克里斯托夫·伍德的风格和方法是他一生中最后几个月的特色。受文森特的启发,他探索乡村和自然主题,寻求摆脱困境。涂装表面是厚厚的工作使用积极应用的底漆,其笔画是可见的,并不相关的最终图像。像他的实践一样,主要形象是先建立的,背景是围绕它画的。这意味着在绿海的左边和山上的房子里,引爆仍然可见。最后也是最厚的是蛋壳蓝的天空。这个构图是经过仔细构思的,并且是从港口附近建造的船的实际存在中得出的,由紧密相关的画布“新船,Tréboul”证实,画布显示船处于相同的建造状态。出乎意料的是,一个老妇人拿着一块木板。这种非常规用法似乎表明画家在手势中发现了一些特殊的意义。他给那个穿黑衣服的女人穿上了衣服,使她成为前景的焦点,也成为她同伴背后的流言蜚语。哀悼的印象是强烈的,她拥抱木头的方式暗示着慰藉。与死亡有关的问题不仅与主题有关,而且与画布上绘画的时期也相符。除了伍德那年夏天在布列塔尼的几个同伴外,最先见到他作品的人之一是商人露西·韦特海姆。她正准备展示他的作品,打开她的伦敦画廊,前往巴黎,特别是去看他的最新作品。她回忆说:“我第一次感觉到KIT在我面前的画架上放了一个大的新画布,这是一个令人沮丧的现象。我已经习惯了我现在拥有的绘画的深沉和色彩……他绘画的这种新心情让我感到有些震惊。
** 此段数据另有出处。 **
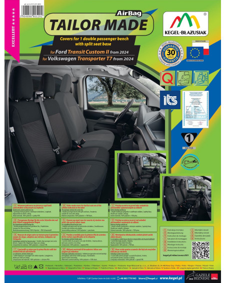 The covers have special, secure seams for airbags, making them suitable for cars with both side airbags in the seats and standard seats. Professional workmanship and safety of use are guaranteed by certification and testing by the Motor Transport Institute.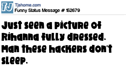 X says Just seen a picture of Rihanna fully dressed. Man these hackers don't sleep.

"与她拥有的那些更迷幻的作品形成鲜明对比的是,吉姆·伊德不像她,他更喜欢伍德作品中清新而天真的一面,尽管他当然知道他们的黑暗。ER侧。在《生活方式》一书中,他写到《建造船只》,特雷布尔:&引述了正在建造中的船只的骨架,这些骨架预示着渔民的骨架,渔民会把船带到海上而不会返回。妻子和母亲,他们的丈夫和儿子,帮助年轻一代建立新的死亡船。自从他在信中写到这一点,我就从他的思想中看出了这一点。他是多么形象地描绘了这幅画,没有一点伤感的色彩。&埃德在1932年拥有这幅画,大概是在1930年末在艺术家的遗产分割中获得的。他曾试图使泰特信托公司对伍德的作品感兴趣,但指出这位画家被认为是“有意识的天真,而不是不可避免的”。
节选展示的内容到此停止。